Now then, for people from New Jersey, diners are a fact of life, and from the day a child can read, we verse ourselves in how to interpret and understand one of the most difficult texts in US culture, the diner menu. I am not kidding — there must be 300 choices of things one could order, everything from the boring and standard chicken tenders, to the nearly high-class dishes like veal scallopini, and absolutely everything in between.

For example, Mastori’s menu looks like this:

 

Easy to choose menu

Easy to choose menu

Exacerbating the sheer number of choices is the 7-point font, the daily specials list, and the menu items the server only tells you about in person. It is literally mind-numbing.

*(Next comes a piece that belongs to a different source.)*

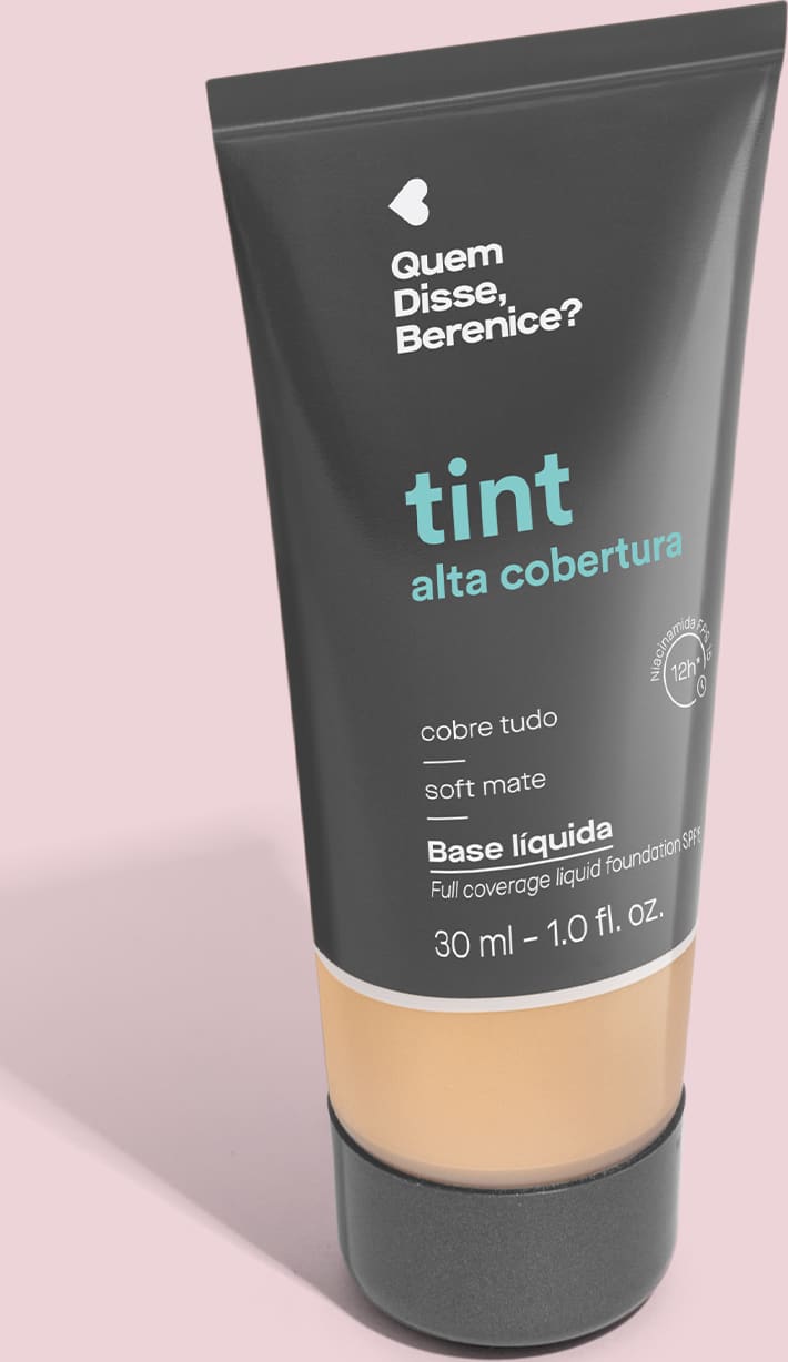 A Base Tint Alta Cobertura é aquela que cobre tudo, sabe? Com textura fluida, proporciona alta cobertura com apenas uma fina camada, não craquela e permite construção de camadas com acabamento soft mate, que não resseca sua pele.

Somehow, some way, we figured out what to order. It was a blur, actually. I tried to find a way to get Michael to say “plume,” but he was having none of it, being rather plumed out. Mastori’s failed us a little, with slow service not common to the establishment. Perhaps they’ve grown too big to remember where all of the tables are. Out on the terrace, we did seem to be in another ZIP code.

But then again, there’s nothing like a pizzaburger to make me feel like I’m back in my home state.

Where the buffalo roam

Okay, 310 mere miles later and no bison have been spotted. I was nervous this morning because the moving company had not informed us of when the truck was supposed to arrive today, and after making about 47 phone calls, I still was not any closer to having an ETA. One little threat to call their home office and the Better Business Bureau, however, generated a lot of phone traffic, and it just so happened that right then the truck driver and crew descended upon us and quickly began moving all of our personal possessions out on the sidewalk. 250 boxes, 5500 pounds of belongings, one light cleaning and two showers later we were in the car, heading…

Heading pretty much nowhere. From home to just past Baltimore took an hour and a quarter, one last “screw you” from the traffic in the DC metropolitan area. As if we hadn’t heard the whispers from the city enough, like the disembodied voice in the Amityville Horror: G-E-T  O-U-T.

 

Baltimore stovepipe somehow represents so much about the city

Baltimore stovepipe somehow represents so much about the city

 

 

iPod plugged in, cell phone in reach, tons of toll money, full tank of $4 gas, and we were ready for the sluggish traffic. Things cleared up in Delaware, after rush hour. We made a pit stop in New Jersey at Mastori’s Restaurant, this fabulous diner/restaurant in Bordentown that was a favorite of my parents’. Susanne ordered Baby Back ribs wholly unlike anything seen at Chili’s, and I ordered veal vantellani with cremini mushrooms. We ate our enormous piles of meat slowly, letting the realization that WE HAVE MOVED sink in. Our things are somewhere, with a dour guy from Seattle named Cliff, who is currently headed to Missouri. Too bad the boxes of our stuff can’t manage their own blog of their trip.

Best thing about New Jersey, other than the delightful cheese and cinnamon breads at the diner, was this:

 

Gas pump in Bordentown

Gas pump in Bordentown

Eat that, Washington. We actually got a better price, $3.43, for paying in cash. And that’s for full service, folks. 

We breezed through the Turnpike, dealing with more crazy drivers, though in somewhat less frequency than say, on Bladensburg Road in Northeast. My personal favorite was a driver who was weaving up 95 with plates that read “Relax.” Somehow being told to relax in fact elicited quite the opposite for me.

We’re here at my sister’s house now, a couple of drinks in us (yes, after we got out of the car), and waiting for the hot tub to get up to temperature. And then tomorrow is a new day. Our first day not living in DC.